**What needs to be done:** Repeat only the lines below that run from the line with "Пряжа Вязь 'Велюровая" to the line with "4月1日,在《外商投资企业登", ends included; skip every picture.

Start of Data in this exercise

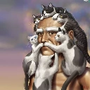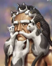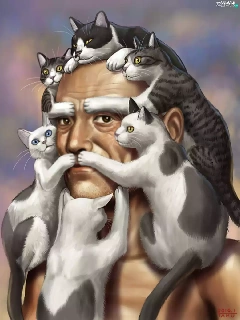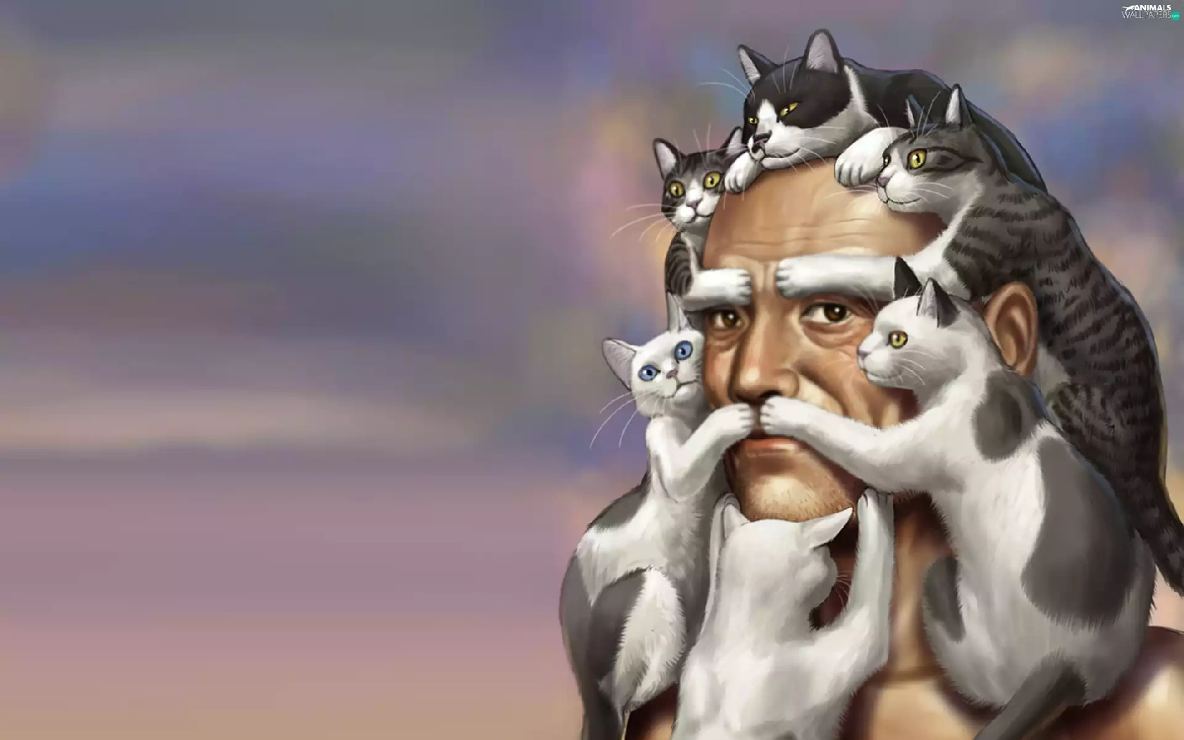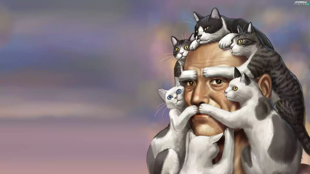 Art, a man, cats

End of Data in this exercise
Start of Data in this exercise

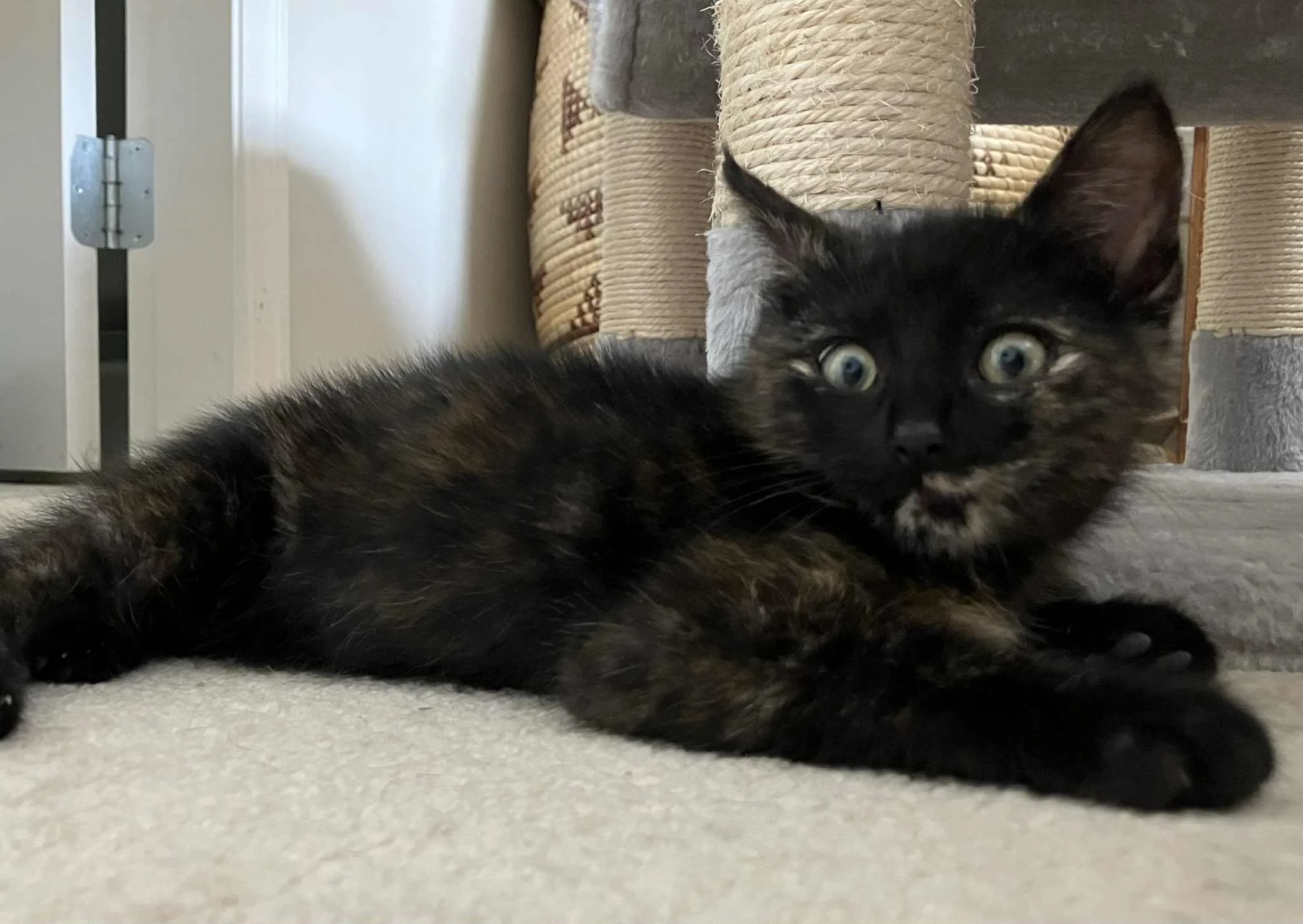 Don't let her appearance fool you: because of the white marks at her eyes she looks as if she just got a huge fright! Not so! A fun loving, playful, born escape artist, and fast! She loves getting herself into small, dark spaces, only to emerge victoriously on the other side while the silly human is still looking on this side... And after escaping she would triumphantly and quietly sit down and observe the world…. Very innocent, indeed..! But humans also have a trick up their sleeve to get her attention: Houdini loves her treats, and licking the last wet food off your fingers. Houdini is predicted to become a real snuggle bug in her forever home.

End of Data in this exercise
Start of Data in this exercise

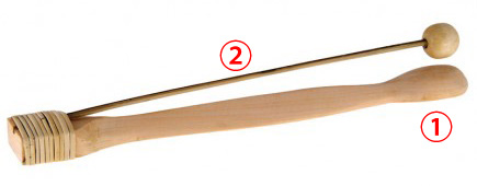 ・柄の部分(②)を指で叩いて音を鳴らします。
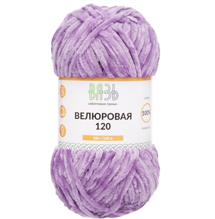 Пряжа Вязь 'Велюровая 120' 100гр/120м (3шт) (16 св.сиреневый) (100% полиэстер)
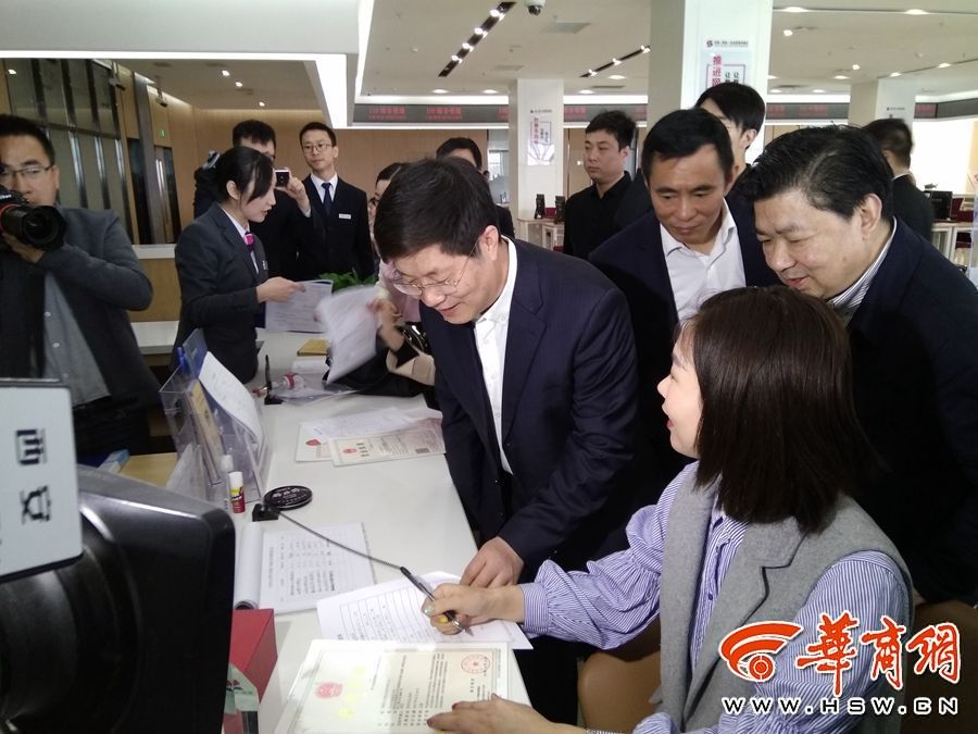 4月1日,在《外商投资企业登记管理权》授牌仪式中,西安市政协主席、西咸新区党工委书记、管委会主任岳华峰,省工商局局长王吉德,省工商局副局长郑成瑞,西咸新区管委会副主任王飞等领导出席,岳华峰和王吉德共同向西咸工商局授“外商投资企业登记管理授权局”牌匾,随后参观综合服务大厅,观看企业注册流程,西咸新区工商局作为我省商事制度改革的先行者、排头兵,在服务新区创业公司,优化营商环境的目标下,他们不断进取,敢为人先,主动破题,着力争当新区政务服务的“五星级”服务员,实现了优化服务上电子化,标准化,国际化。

End of Data in this exercise

**Answer section:**
 Пряжа Вязь 'Велюровая 120' 100гр/120м (3шт) (16 св.сиреневый) (100% полиэстер)
 4月1日,在《外商投资企业登记管理权》授牌仪式中,西安市政协主席、西咸新区党工委书记、管委会主任岳华峰,省工商局局长王吉德,省工商局副局长郑成瑞,西咸新区管委会副主任王飞等领导出席,岳华峰和王吉德共同向西咸工商局授“外商投资企业登记管理授权局”牌匾,随后参观综合服务大厅,观看企业注册流程,西咸新区工商局作为我省商事制度改革的先行者、排头兵,在服务新区创业公司,优化营商环境的目标下,他们不断进取,敢为人先,主动破题,着力争当新区政务服务的“五星级”服务员,实现了优化服务上电子化,标准化,国际化。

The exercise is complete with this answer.